Lille : l’hôpital de la Louvière jugé pour homicide involontaire, dix ans après

Lille : l’hôpital de la Louvière jugé pour homicide involontaire, dix ans après

En mars 2013, une patiente de l’hôpital de la Louvière décède après une opération de chirurgie esthétique. Un jugement civil reconnaîtra la responsabilité de l’établissement, d’un chirurgien et d’un anesthésiste. La famille a également voulu attaquer au pénal. Le juge d’instruction n’a renvoyé que la clinique devant le tribunal.
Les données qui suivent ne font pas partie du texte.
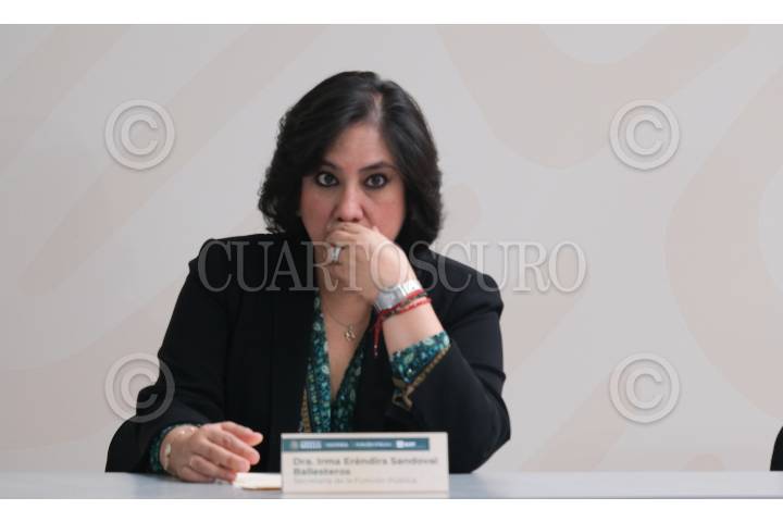 CIUDAD DE MÉXICO, 18JULIO2019.- Irma Erendira Sandoval, secretaria de Función Pública, durante la firma de convenio entre el SAT y la secretaría de la Función Pública, el cual será un intercambio de  información para investigar las obligaciones fiscales de los funcionarios, contratistas y proveedores para detectar movimientos de corrupción, el acto se realizó en las instalaciones del SAT. FOTO: GRACIELA LÓPEZ /CUARTOSCURO.COM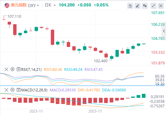 美国11月ADP就业人数录得10.3万人,为连续第四个月不及预期。尽管小非农表现不及预期,但随着市场押注欧洲央行最早将于明年3月降息,美元指数未跌反涨,并触及两个月高位。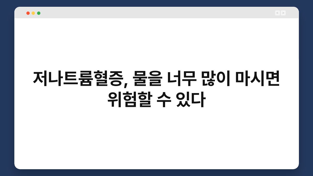 물은 생명에 필수적인 요소이지만, 과도한 수분 섭취는 오히려 건강에 해로울 수 있습니다. 특히 저나트륨혈증이란 상태는 물을 너무 많이 마셨을 때 발생할 수 있는 위험한 상황 중 하나입니다. 이 글에서는 저나트륨혈증의 원인과 증상, 이를 예방하는 방법에 대해 알아보겠습니다. 건강한 수분 섭취에 대한 이해를 높여, 안전한 생활을 영위할 수 있도록 도와드릴게요.
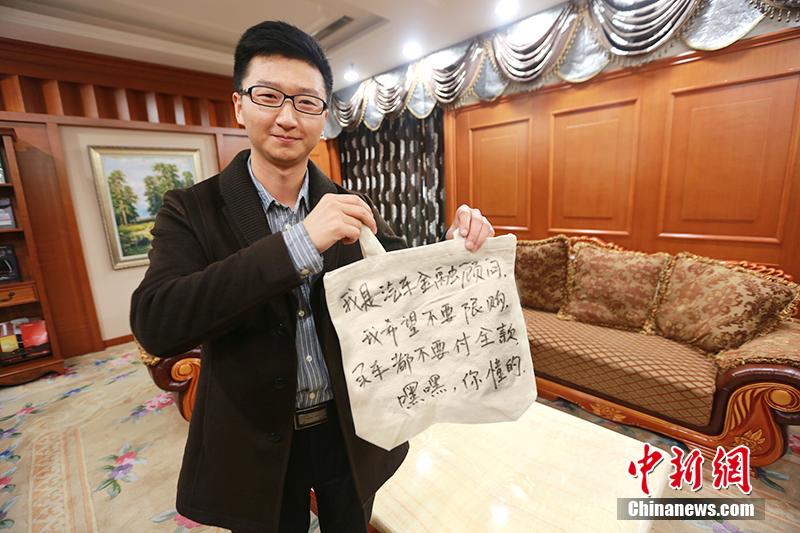3月6日,成都金融圈一些美女和帅哥们用自制的环保袋晒各自的心愿,环保袋上使用了时下流行的“嘿嘿”“你懂的”等热词组成的心愿,被网友称之为嘿嘿体。钟欣 摄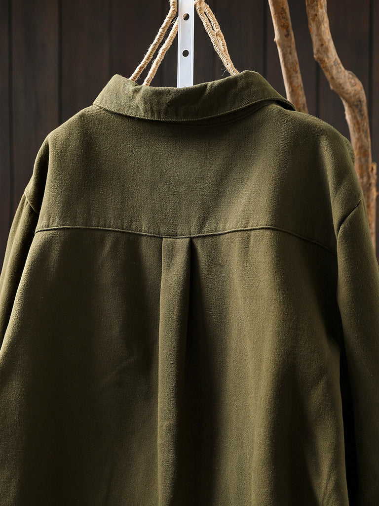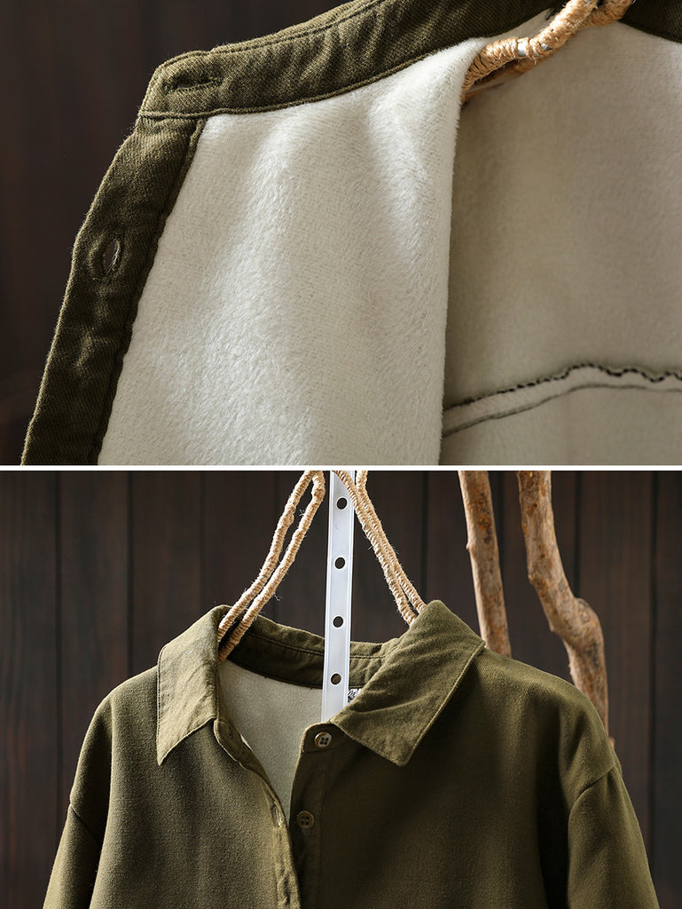Women Autumn Casual Pure Color Fleece-lined Shirt

Seule la clinique a été renvoyée devant le tribunal. PHOTO PASCAL BONNIERE -

Par LAKHDAR BELAÏD

Publié:18 Juillet 2023

Le 11 mars 2013, après une opération de la mâchoire, une patiente de l’hôpital privé de la Louvière souffre d’une gêne respiratoire. Cette maman de 40 ans repart au bloc opératoire. Elle finira par décéder. « Son cerveau n’a pas été oxygéné durant trois minutes », lâche la sœur de la victime. « Il a fallu attendre deux heures pour qu’on prenne au sérieux les plaintes de Sybille Legros », insiste Me Alexia Navarro, pour la famille. En avril 2018, le tribunal civil de Lille impute une faute à l’établissement, à un chirurgien et à un anesthésiste. Les proches de la défunte désiraient aussi une sanction pénale. Seule la clinique sera finalement convoquée dans le prétoire, il y a quelques jours. Dix ans après le drame.

« Ça a été un cafouillage total »

Opérée d’une génioplastie, visant à corriger une avancée du menton, Sybille Legros s’était plainte. À quel moment ? « Dès son retour du bloc, tout de suite, elle m’a dit  : "J’ai du mal à respirer", assure sa sœur. L’aide-soignant et le brancardier nous ont rassurées. » Un hématome au palais sera découvert. Le praticien ayant opéré n’est plus là. Un anesthésiste s’occupera de la patiente, avant de solliciter l’aide d’un chirurgien sur place. « Ça a été un cafouillage total cet après-midi-là », accuse la plaignante. « Ça improvise », nuance le président Ludovic Duprey. « Ça cafouille, reprend la famille. La vie de ma sœur a tenu à trois minutes... »

Il est largement question de l’absence d’un kit de mini-trachéotomie dans le bloc. « On n’a pas su répondre sur la certitude de la présence de ce matériel médical », réagit l’actuel directeur général de l’hôpital. Son avocat, Me Jean-François Segard, s’en prend à un rapport versé au dossier. « Dix minutes auraient été perdues jusqu’à l’arrivée du chirurgien, commente le conseil. En réalité, il se passe deux minutes entre le moment où l’anesthésiste demande le kit et l’intervention du chirurgien. » Le geste de ce dernier avait fait fortement remonter la saturation en oxygène. Le postulat « sans kit, point de salut » ne serait donc, selon Me Segard, « ni honnête ni loyal ».

Vers une relaxe ?

« On continue de contester cette responsabilité, s’était auparavant emportée Me Navarro, pour la famille. C’est affligeant et c’est inacceptable. Il y a les fautes civiles. Il y a les fautes pénales. » Et, pointant « un problème d’organisation des soins », de comparer l’hôpital à « un chef d’orchestre responsable des fausses notes » de ses musiciens. Une information judiciaire avait été ouverte. « L’instruction n’a pas beaucoup instruit, regrettera la procureure Lorène Delsaut, rappelant l’existence d’une décision au civil. On n’a pas beaucoup d’informations. » Et de recommander une relaxe. Tout comme, évidemment, Me Segard. Délibéré le 5 septembre.